What the task requires - Only the lines from the one containing "Malaysia, 100 ringgit, 1972-76, semi" to the end of the records belong in the answer; repeat them exactly and drop the pictures.

- Opening Delimiter -

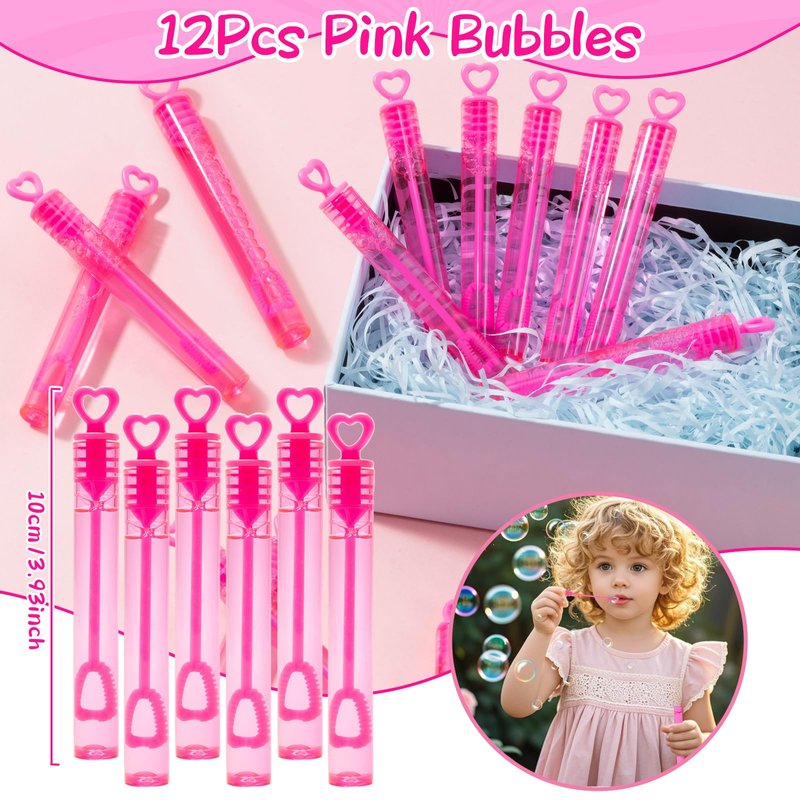 - TRUSTWORTHY QUALITY: We emphasize quality and comfort, and the 6 types of toys are all made of reliable materials. The straws are made of soft material, the silicone bracelet is made of silicone material, the bubble solution will not irritate the child's skin, and the stickers are waterproof and long-lasting, let pink-loving girls express her creativity freely, little princess can play with confidence
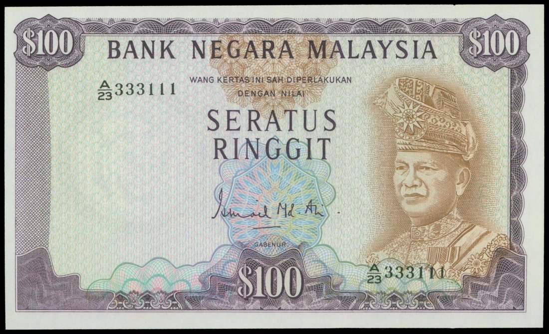 Malaysia, 100 ringgit, 1972-76, semi lucky serial number A/23 333111, purple and brown on multicolour underprint, T.A. Rahman at right, value at top left and right, bottom centre, reverse purple, state emblem at centre,
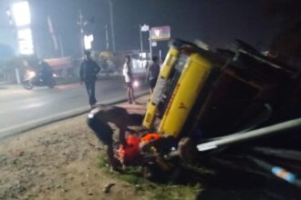 Hindari Tabrakan dengan Pikap di Depan SPBU, Truk Muatan Cangkang Sawit Terperosok ke Parit
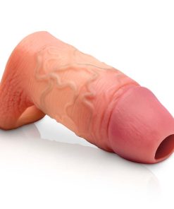Short and Fat: This dong enhancer sleeve has realistic veins and shape, but is extra wide and on the shorter side for an extra-big stretch of your partner’s entrance!
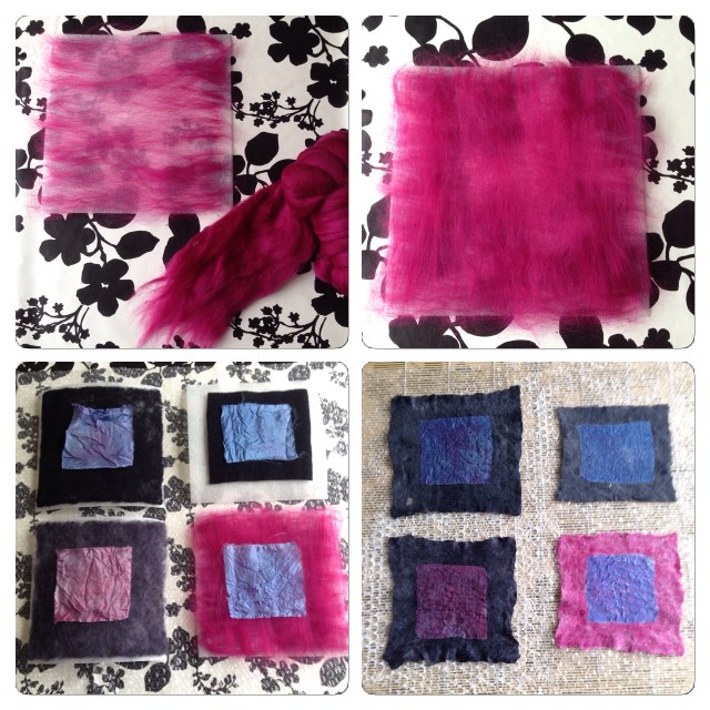 While I was at it, I also made a sample with merino tops, two thin layers in different fibre directions. A added a piece of silk fabric to each sample, and felted all four samples the same way.
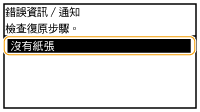 發生錯誤時,在某些情況下,會顯示如何回應錯誤的指示。請遵循畫面上的指示解決問題。下圖以發生卡紙時顯示的畫面為例說明(
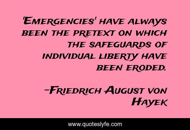 This page presents the quote "'Emergencies' have always been the pretext on which the safeguards of individual liberty have been eroded.". Author of this quote is Friedrich August von Hayek. This quote is about always, individual, liberty,.

- Closing Delimiter -

Response to this task -
 Malaysia, 100 ringgit, 1972-76, semi lucky serial number A/23 333111, purple and brown on multicolour underprint, T.A. Rahman at right, value at top left and right, bottom centre, reverse purple, state emblem at centre,
 Hindari Tabrakan dengan Pikap di Depan SPBU, Truk Muatan Cangkang Sawit Terperosok ke Parit
Short and Fat: This dong enhancer sleeve has realistic veins and shape, but is extra wide and on the shorter side for an extra-big stretch of your partner’s entrance!
 While I was at it, I also made a sample with merino tops, two thin layers in different fibre directions. A added a piece of silk fabric to each sample, and felted all four samples the same way.
 發生錯誤時,在某些情況下,會顯示如何回應錯誤的指示。請遵循畫面上的指示解決問題。下圖以發生卡紙時顯示的畫面為例說明(
 This page presents the quote "'Emergencies' have always been the pretext on which the safeguards of individual liberty have been eroded.". Author of this quote is Friedrich August von Hayek. This quote is about always, individual, liberty,.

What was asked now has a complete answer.